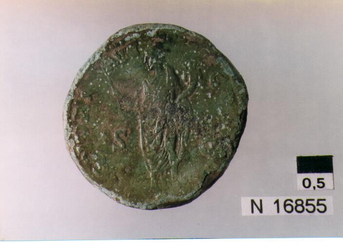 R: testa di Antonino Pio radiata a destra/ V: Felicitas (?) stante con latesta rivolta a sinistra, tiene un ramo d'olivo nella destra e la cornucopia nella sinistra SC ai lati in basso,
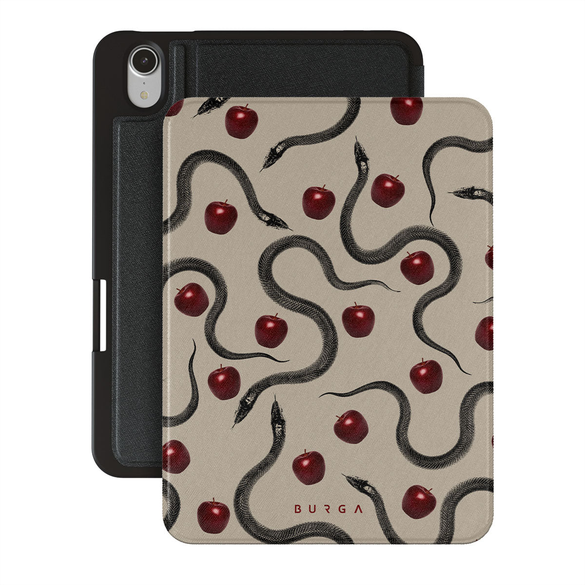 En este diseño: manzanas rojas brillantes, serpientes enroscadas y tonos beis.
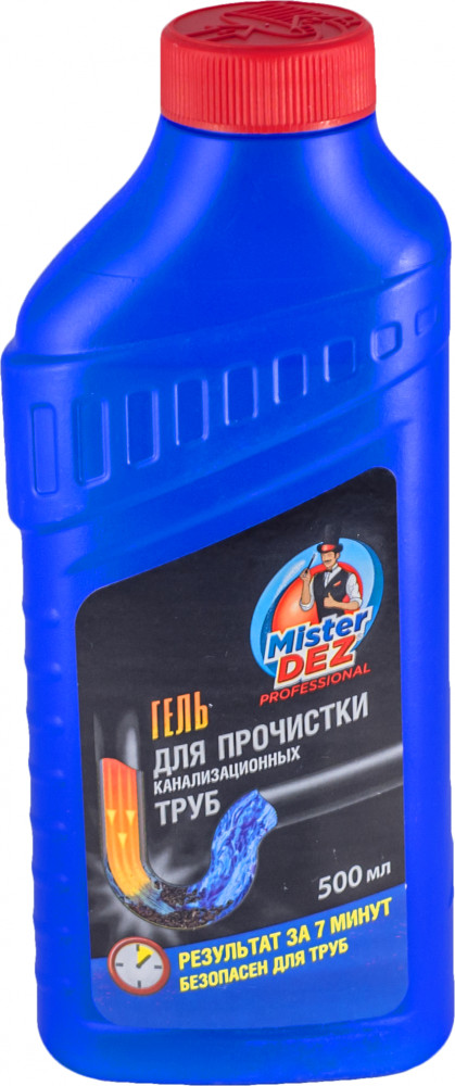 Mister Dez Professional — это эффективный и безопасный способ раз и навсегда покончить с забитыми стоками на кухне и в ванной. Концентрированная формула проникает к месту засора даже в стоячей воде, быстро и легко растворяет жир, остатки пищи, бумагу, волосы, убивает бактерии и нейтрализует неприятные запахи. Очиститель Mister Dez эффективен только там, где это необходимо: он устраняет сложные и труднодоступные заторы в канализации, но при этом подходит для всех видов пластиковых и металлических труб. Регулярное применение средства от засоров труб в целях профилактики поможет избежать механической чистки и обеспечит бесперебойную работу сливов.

Directions for this task: Give the data again exactly, image-free.

Exercise output:
 R: testa di Antonino Pio radiata a destra/ V: Felicitas (?) stante con latesta rivolta a sinistra, tiene un ramo d'olivo nella destra e la cornucopia nella sinistra SC ai lati in basso,
 En este diseño: manzanas rojas brillantes, serpientes enroscadas y tonos beis.
 Mister Dez Professional — это эффективный и безопасный способ раз и навсегда покончить с забитыми стоками на кухне и в ванной. Концентрированная формула проникает к месту засора даже в стоячей воде, быстро и легко растворяет жир, остатки пищи, бумагу, волосы, убивает бактерии и нейтрализует неприятные запахи. Очиститель Mister Dez эффективен только там, где это необходимо: он устраняет сложные и труднодоступные заторы в канализации, но при этом подходит для всех видов пластиковых и металлических труб. Регулярное применение средства от засоров труб в целях профилактики поможет избежать механической чистки и обеспечит бесперебойную работу сливов.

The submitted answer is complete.